I have the following data:

|--------------------------------------------------------|
|USER   | ID    | DEVICEID          | DATE               |
|--------------------------------------------------------|
|7      | 14450 | aa6603ceef3b397c  | 2016-08-03 10:19:14|
|--------------------------------------------------------|
|7      | 14457 | aa6603ceef3b397c  | 2016-08-02 18:33:43|
|--------------------------------------------------------|
|7      | 14398 | 82c422272772e05a  | 2016-06-07 09:56:55|
|--------------------------------------------------------|
|7      | 14399 | 82c422272772e05a  | 2016-06-07 09:14:28|
|--------------------------------------------------------|
|249    | 14433 | 75da16fe9c4e480d  | 2016-07-06 11:10:32|
|--------------------------------------------------------|
|249    | 14358 | 75da16fe9c4e480d  | 2016-08-03 10:03:07|
|--------------------------------------------------------|

But I need to mount a query to get the following data:

|--------------------------------------------------------|
|USER   | ID    | DEVICEID          | DATE               |
|--------------------------------------------------------|
|7      | 14450 | aa6603ceef3b397c  | 2016-08-03 10:19:14|
|--------------------------------------------------------|
|7      | 14398 | 82c422272772e05a  | 2016-06-07 09:56:55|
|--------------------------------------------------------|
|249    | 14358 | 75da16fe9c4e480d  | 2016-08-03 10:03:07|
|--------------------------------------------------------|

That is, I need to group by Usere Deviceid, taking whatever has the latest date, but I need to know his Id too, because I need more data that exists in this table and the idea was to use as subquery.
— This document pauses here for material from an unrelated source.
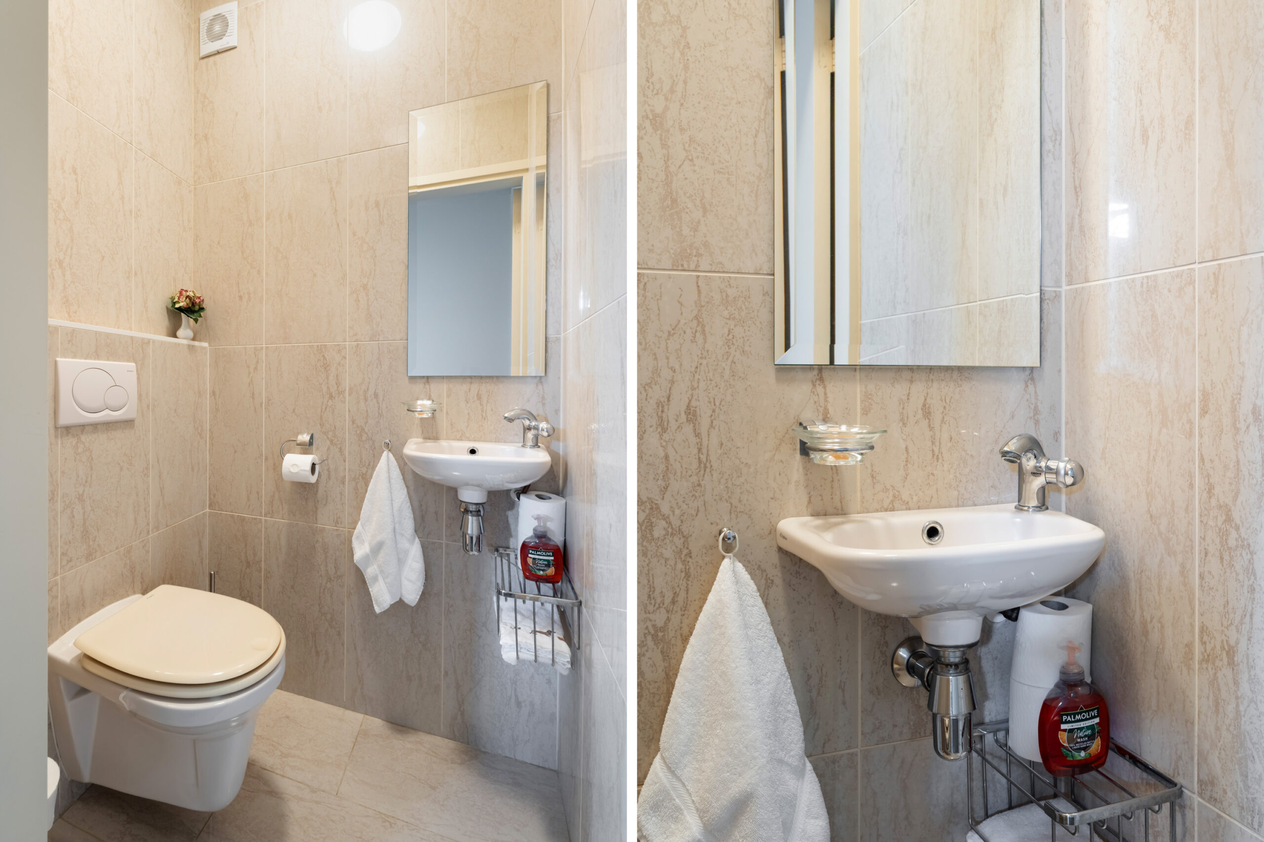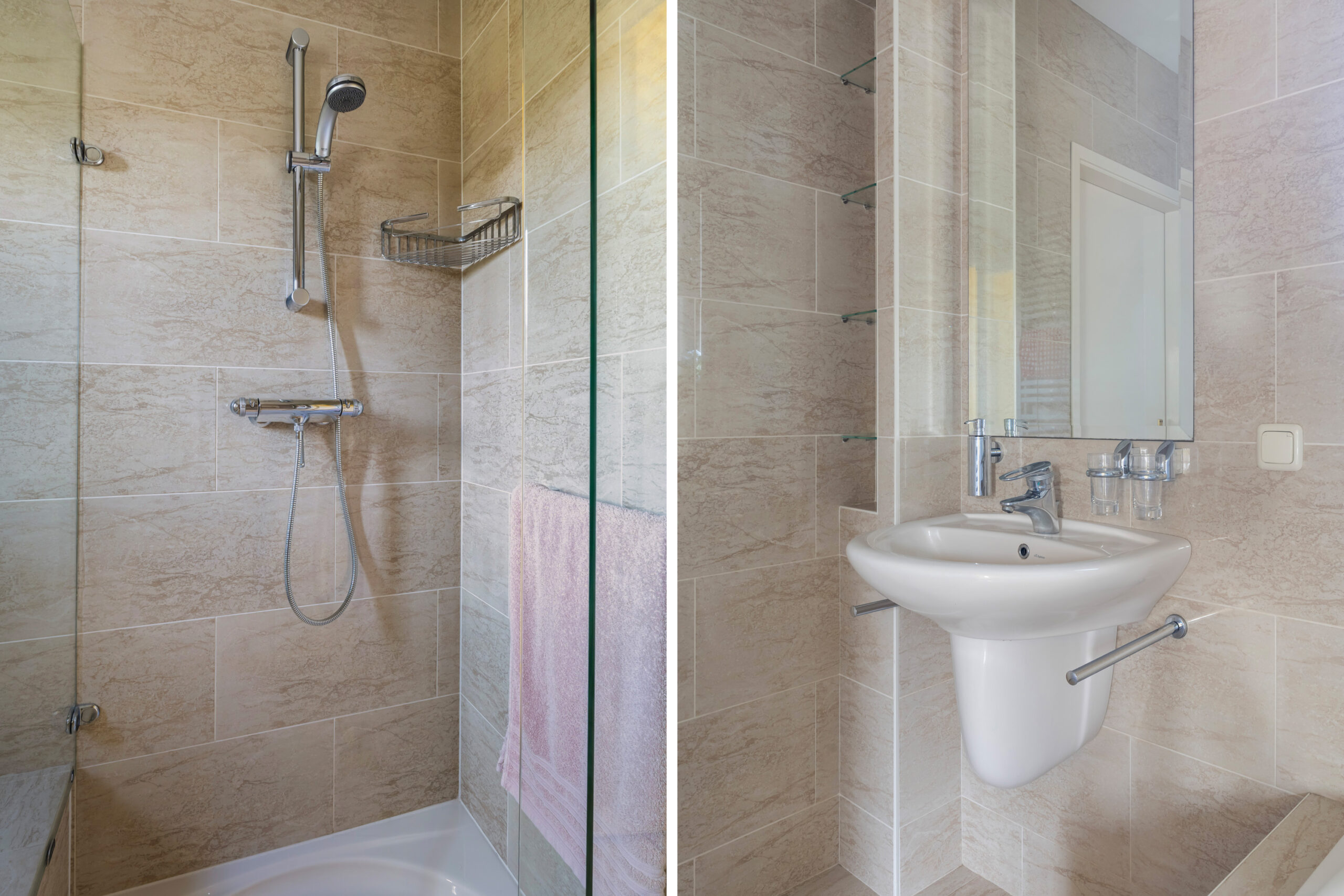 - Geheel betegelde badkamer met ligbad, douche, wastafel en vloerverwarming.

How could I do that?

sql database sql-server group-by

2 answers

2


I don’t have SQL Server installed, but I tested with Mysql and you should be able to with a similar SQL:

SELECT t2.* FROM
    (SELECT user, deviceid, MAX(date) AS date FROM q144255
     GROUP BY user, deviceid) t1
LEFT JOIN q144255 t2
    ON t1.user = t2.user AND t1.deviceid = t2.deviceid AND t1.date = t2.date;

Upshot:

+------+-------+------------------+---------------------+
| user | id    | deviceid         | date                |
+------+-------+------------------+---------------------+
|    7 | 14398 | 82c422272772e05a | 2016-06-07 09:56:55 |
|    7 | 14450 | aa6603ceef3b397c | 2016-08-03 10:19:14 |
|  249 | 14358 | 75da16fe9c4e480d | 2016-08-03 10:03:07 |
+------+-------+------------------+---------------------+

EDIT:

SELECT DISTINCT t1.user, t1.deviceid, t1.id, t1.date
FROM q144255 t1
WHERE t1.date = (SELECT MAX(t2.date) FROM q144255 t2
                 WHERE t2.user = t1.user and t2.deviceid = t1.deviceid);

  • Thanks for the answer, I did something similar here but with the reverse thought of yours. I am only suspicious of having to use this comparison in LEFT JOIN without having the ID as a reference, because there is a very small (almost zero) chance that there are two records with the same date.

  • 1

    I get it. Try it the way I reported it in the reply issue.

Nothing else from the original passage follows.